老絵師は大きくため息をついた後、手を伸ばし、指先でゆっくりと絵を撫でた。その死のような眠り、もしくは眠りのような死を確認するように、少年の輪郭を優しくなぞる。
「お帰り」
ミルチャはエミールがそう言ったような気がした。しかし彼はそれよりも、もしもこの絵が自分の予想に反して老人の絵ではなくて、まったくの赤の他人の絵、ひょっとしたらどこかの三文絵師の絵で、エミールの誇りを傷つけたり、その逆で、エミールの終生の好敵手の絵であって、昔を思いだした絵師が、とつぜん奮起して負けじと無理な創作生活に突入して、体でもこわしてしまった日には、いったい神の前でどういう償いをすればいいのか、ということばかり気になっていた。この世から一人の優れた熟達の絵師を消してしまったら、自分も消えてしまうよりほかないのではないか。今更ながら少年は後悔していた。

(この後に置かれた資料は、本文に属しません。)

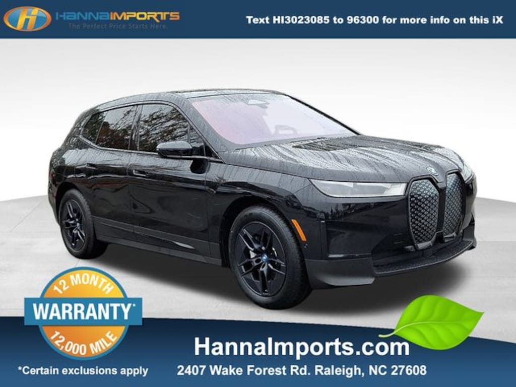 Why shop with Hanna Imports? We specialize in hand-selecting top-quality used cars, trucks, and SUVs for drivers across Raleigh, Durham, Cary, Chapel Hill, and the greater Triangle area of North Carolina. Our massive selection of 1,000+ vehicles on our Raleigh lot is carefully curated to include the most sought-after models, all priced below market value. We believe in transparency and efficiencyâ"our vehicles are aggressively priced from the start, which means no haggling, no hassle, and no wasted time. The price you see is our absolute best price. Whether you're coming from Wake Forest, Apex, Garner, or anywhere in central NC, weâre committed to making your car-buying experience smooth, affordable, and enjoyable. Come see why Hanna Imports is one of the most trusted used car dealerships in North Carolina! Used BMW iX in Raleigh. Used BMW iX in North Carolina, Connected Package Pro, iX xDrive50, Apple CarPlay & Android Auto Compatibility, Apple CarPlay Compatibility, Exterior Parking Camera Rear, Front Ventilated Seats, Heated Front Seats, Navigation System, Power Liftgate, 12 Speakers, 4-Wheel Disc Brakes, 8.77 Axle Ratio, ABS brakes, Air Conditioning, Alloy wheels, AM/FM Stereo, Auto High-beam Headlights, Auto tilt-away steering wheel, Auto-dimming door mirrors, Auto-dimming Rear-View mirror, Automatic temperature control, BMW Assist eCall, BMW TeleServices, Brake assist, Bucket Seats, Bumpers: body-color, Compass, Complimentary Public Charging Program (DISC), Connected eDrive Services, ConnectedDrive Services, Delay-off headlights, Driver door bin, Driver vanity mirror, Dual front impact airbags, Dual front side impact airbags, Electronic Stability Control, Emergency communication system: BMW Assist eCall, Four wheel independent suspension, Front anti-roll bar, Front Bucket Seats, Front Center Armrest, Front dual zone A/C, Front reading lights, Fully automatic headlights, Garage door transmitter, Heated door mirrors, Heated front seats, Hi-Fi Sound System, Illuminated entry, Leather steering wheel, Low tire pressure warning, Memory seat, Natural Interaction, Navigation, Occupant sensing airbag, Outside temperature display, Overhead airbag, Panic alarm, Passenger door bin, Passenger vanity mirror, Perforated SensaTec Upholstery, Power door mirrors, Power driver seat, Power passenger seat, Power steering, Power windows, Radio data system, Rain sensing wipers, Rear air conditioning, Rear anti-roll bar, Rear dual zone A/C, Rear reading lights, Rear seat center armrest, Rear window defroster, Rear window wiper, Remote keyless entry, Security system, SiriusXM w/360L & 1 Yr Platinum Plan Subscription, Speed control, Speed-sensing steering, Speed-Sensitive Wipers, Split folding rear seat, Spoiler, Sport steering wheel, Steering wheel memory, Steering wheel mounted audio controls, Telescoping steering wheel, Tilt steering wheel, Traction control, Trip computer, Turn signal indicator mirrors, Variably intermittent wipers, Wheels: 20" x 8.5" Aero Frzn Drk Grey (Style 1002) (1GR), and Wireless Device Charging.
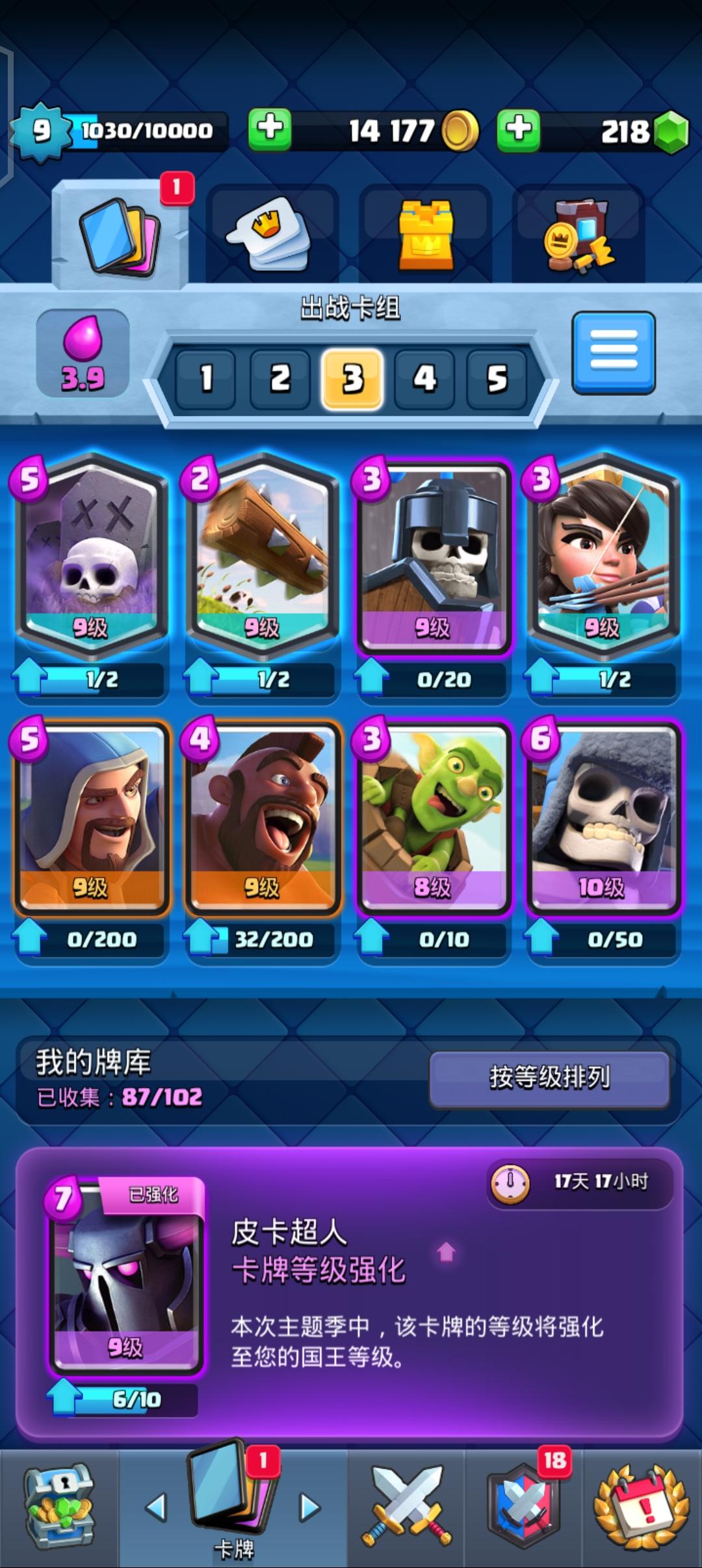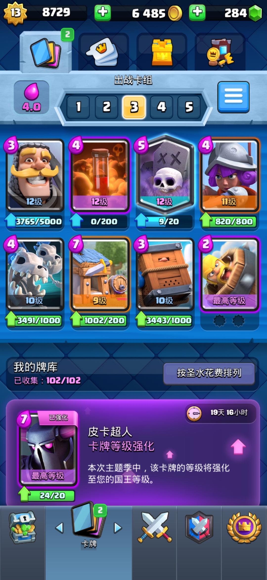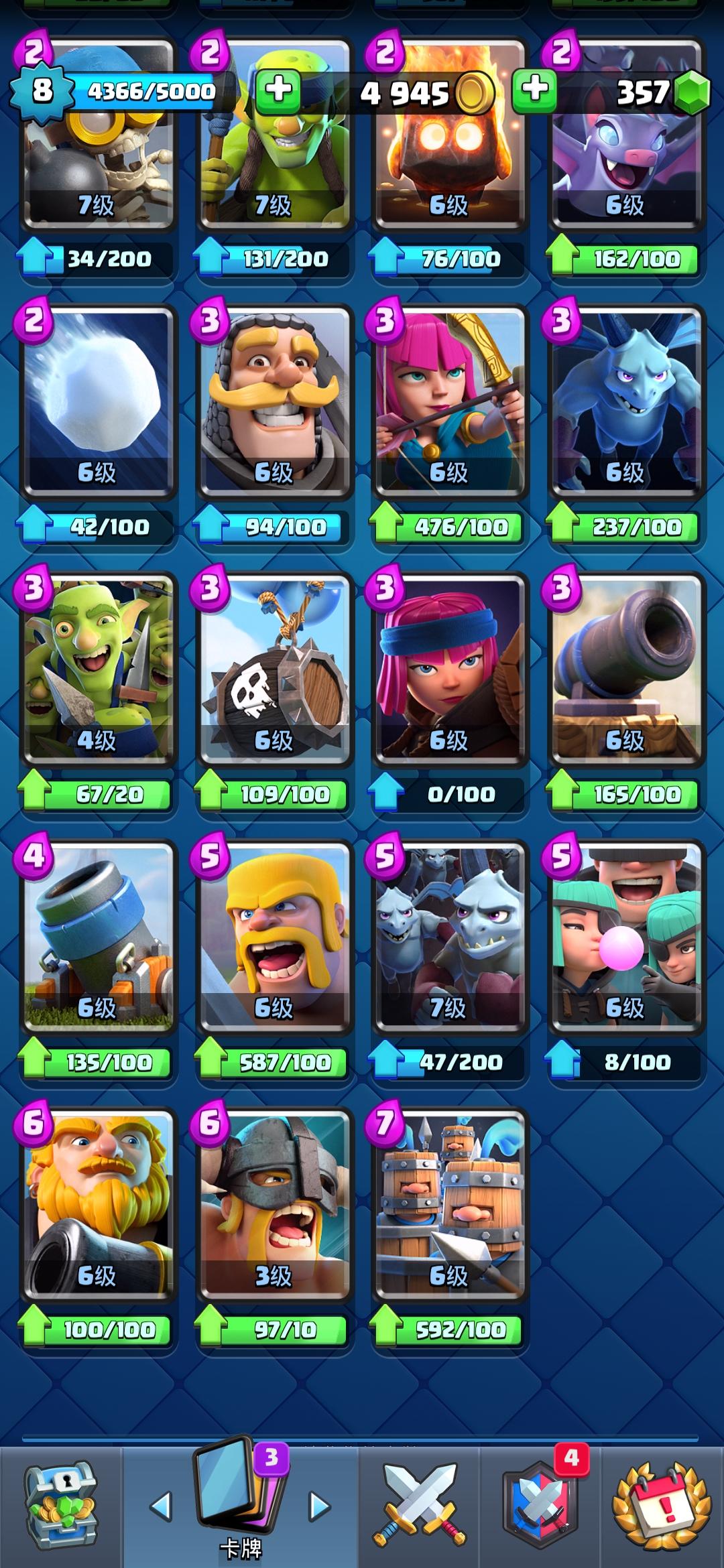 墓园卡组总是变种,烦死了都。本来辛辛苦苦养了一套经典蓝胖冰墓,结果半路又杀出来一个地狱塔蓝胖冰墓,想养胖墓,结果女巫婆婆又加强,玩个香蕉皮球憨憨锤(╯°Д°)╯︵┴┴

少年がこの絵を見つけたのは、この教会に来る前、とある街の宿屋でのことだった。金に困った宿屋の主人が、神父にがらくたを売りつけようとして、色々の物を床に風呂敷を敷いた上に並べ、むやみやたらとまくし立てているときに、脇でなんとなく品物を見ていたミルチャは、雑多ながらくたの中から、その絵を見つけた。ミルチャはなんとなく、青白い少年の寝顔に惹かれた。なぜ、自分と同い年くらいの少年がこれほど静謐な雰囲気を醸し出しているのか、という疑問が浮かび、頭から離れなかった。絵師の腕も、おそらく見事なものだった。それまで、とりたてて興味をもって絵を見たことはなかった。だから、絵師の腕など本来ならわかるはずはない。それでも目が離せないほど見入ってしまうのは、きっとただの絵ではないのだろう。自然と、絵の値段を宿の主人に訊ねていた。主人は不思議そうな顔をして、たわいのない金額を口にした。ミルチャは神父に日々のお勤めをより一層励みますから、と誓うと、神父は快くその絵を買ってくれた。結局、神父が買ったのは、その絵だけだった。